Thursday, May 20, 2021

The noises in my head

A newish book that is drawing some attention is Noise: A flaw in human judgment, and it's been reviewed in several publications. I heard an interview on NPR with one of the authors, and just those quick teasers are enough to get me to buy a copy for summer reading.

The book's foundation is data gathered over several years involving many different situations where people must make judgments of some sort. A study of 1.5 million court cases, for instance, found that judges issued measurably harsher sentences the day after their local football team lost. In another case, oncologists at one center correctly diagnosed 65 percent of cancers, meaning they misdiagnosed one third of the time. And a study found that one company's insurance adjusters varied up to 55 percent in the premiums they came up with.

Those variations are startling for all of us imagining that justice is blind or that doctors and insurance professionals are, well, professional and basically in agreement on cause and effect.

Those variations are "noise" and noise means we often wonder how life can be so unfair.

There is a lot of noise in education, particularly in assessment and grades, don't you think? One sophomore English class in one large high school should be similar in content and assessment to the sophomore English class being taught down the hall by another teacher. Hah! We don't need a study to doubt that.

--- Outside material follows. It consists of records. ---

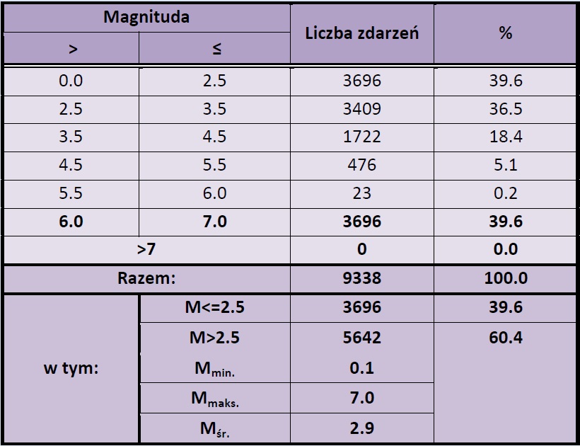 Na obszarze kontynentu europejskiego i obszarach przyległych w listopadzie 2023 r. w bazie danych EMSC zarejestrowano 3 615 zdarzeń sejsmicznych o magnitudzie od M=0.1 do M=5.3. Charakterystykę europejskiej aktywności sejsmicznej przedstawiono w tabeli 5 (statystyka wstrząsów). Spośród wszystkich zarejestrowanych zjawisk – 2 580 (71,4 %) osiągnęło magnitudę poniżej poziomu odczuwalności przez człowieka, tj. M<=2.5, próg ten przekroczyło 1 035 zjawisk, co stanowi 28,6% ogólnej ich liczby.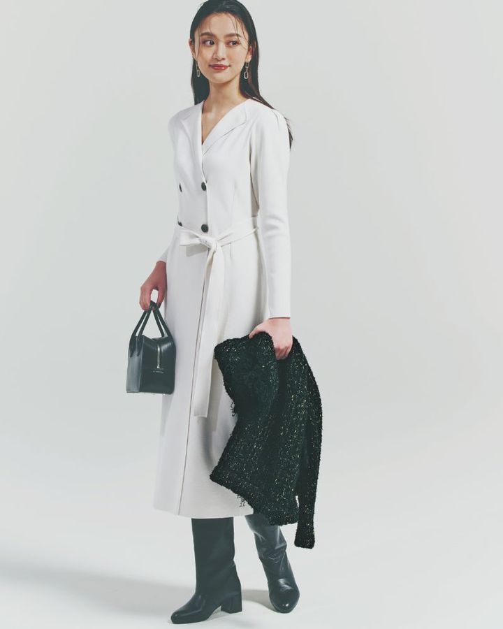 12月10日(火)、得意先の忘年会や会食など、ビジネスシーンながらもくだけた会も多いこの時季は、オンオフ兼備の一張羅アイテムが頼れます。トレンチ風のデザインワンピースを一点投入するだけで、スーツ姿と並んでも悪目立ちせず、ジャケットより肩肘張らない印象に。クリーンな印象になる白を選んだりデコルテ周りは襟付きにして、知的にまとめるのがポイントです。小物は黒レザーで失礼がないように引き締めつつ、ロングブーツやミニバッグでいつもとひと味違う、感度の高さをアピール。
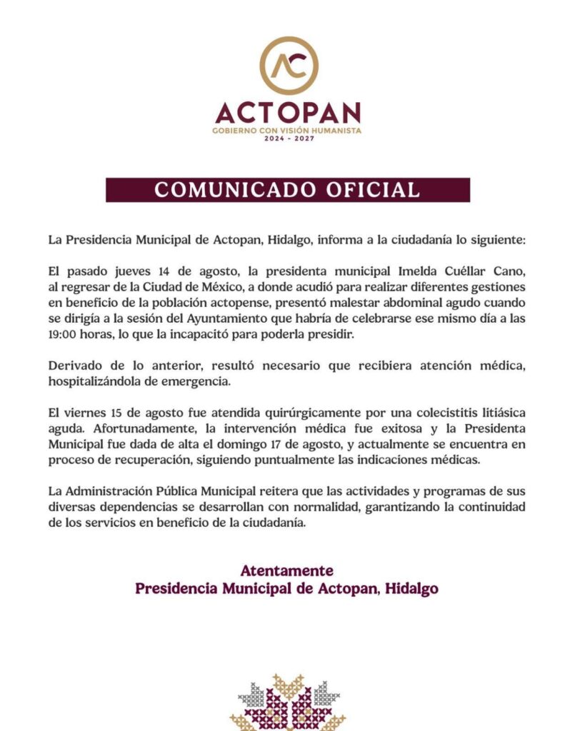 La Presidencia Municipal de Actopan informó que la alcaldesa Imelda Cuéllar Cano presentó un cuadro de malestar abdominal agudo el pasado jueves 14 de agosto, mientras se dirigía a la sesión del Ayuntamiento programada para esa noche.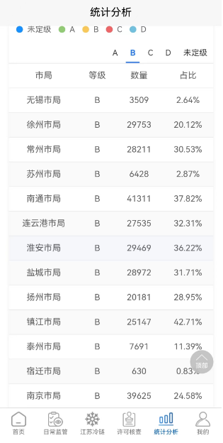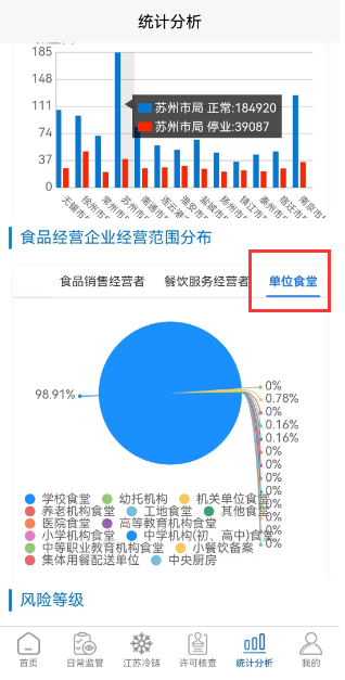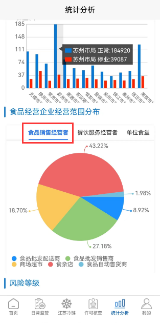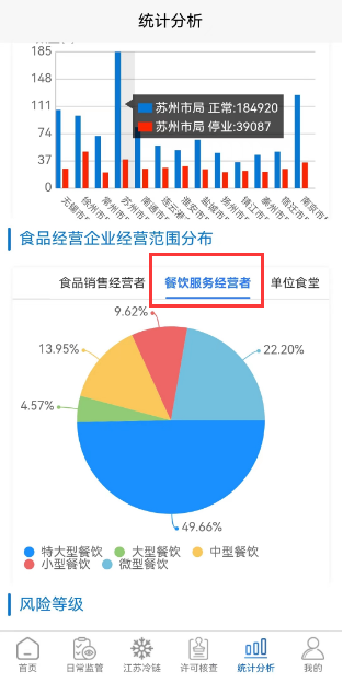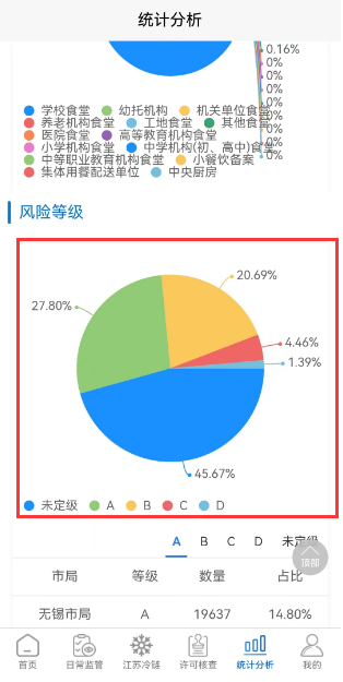 风险等级统计展示了五种等级的占比情况(A、B、C、D、未定级),以及十三个地市各风险等级的企业数量和占比。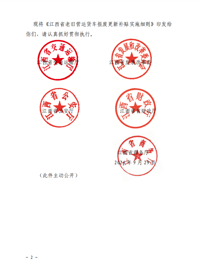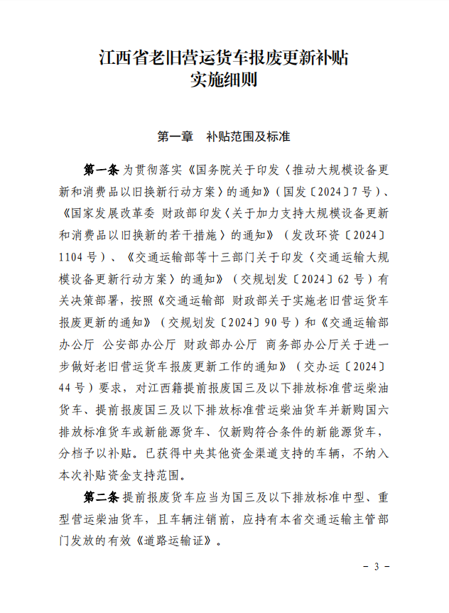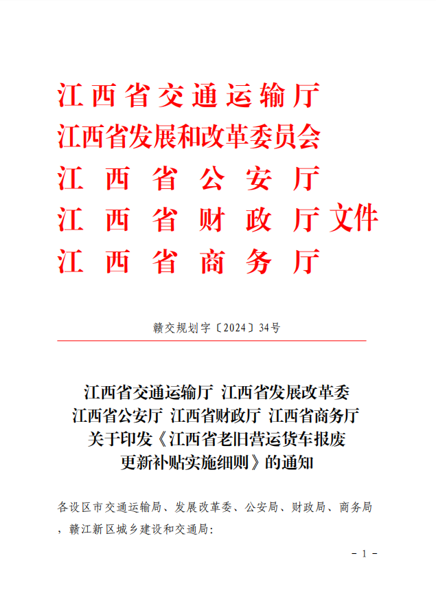 江西省印發《江西省老舊營運貨車報廢更新補貼實施細則》的通知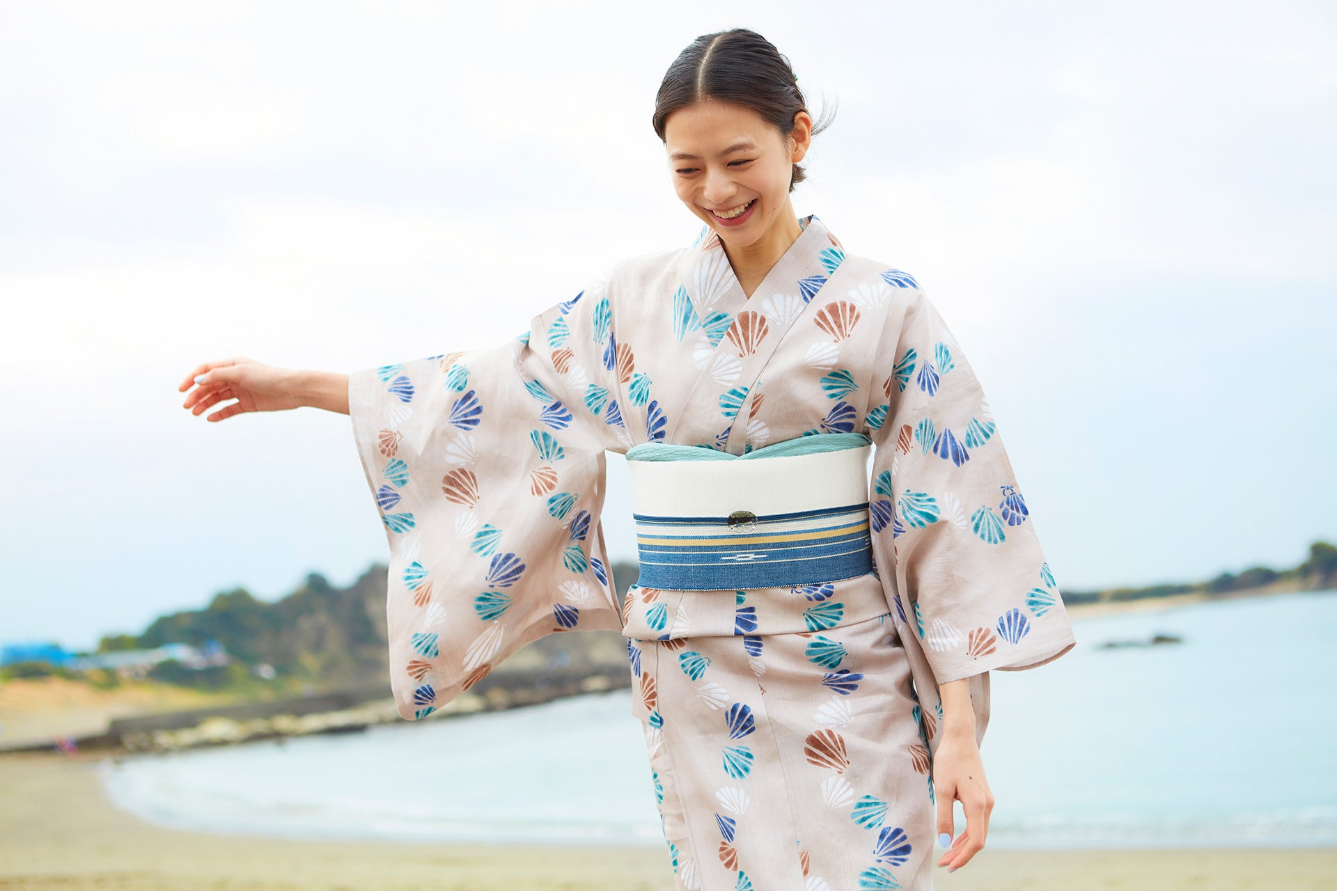 海辺の楽しい空気感を表現したデザイン。カラフルな貝殻と楽器のカスタネットをモチーフにしています。遊び心満載のゆかたです。

I am not immune to some noise in my own grading practices, though it's tough to come up with a number. At some point, after reading a dozen not-so-great essays, for instance, I likely get overly excited by an essay that features an intriguing writing "voice," or simply demonstrates a strong thesis. Multiple grammar errors or some weird logic may be overlooked when it comes time to assign points. 

Could I prove scientifically that Paper A deserves precisely 10 more points than Paper B? Not a chance.

Is it possible that the time of day I read an essay affects my reaction? Almost certainly.

There is no easy fix for noise in many situations, including grading college essays, but studying that noise and how it might be reduced seems like an important step in making life just a bit more fair.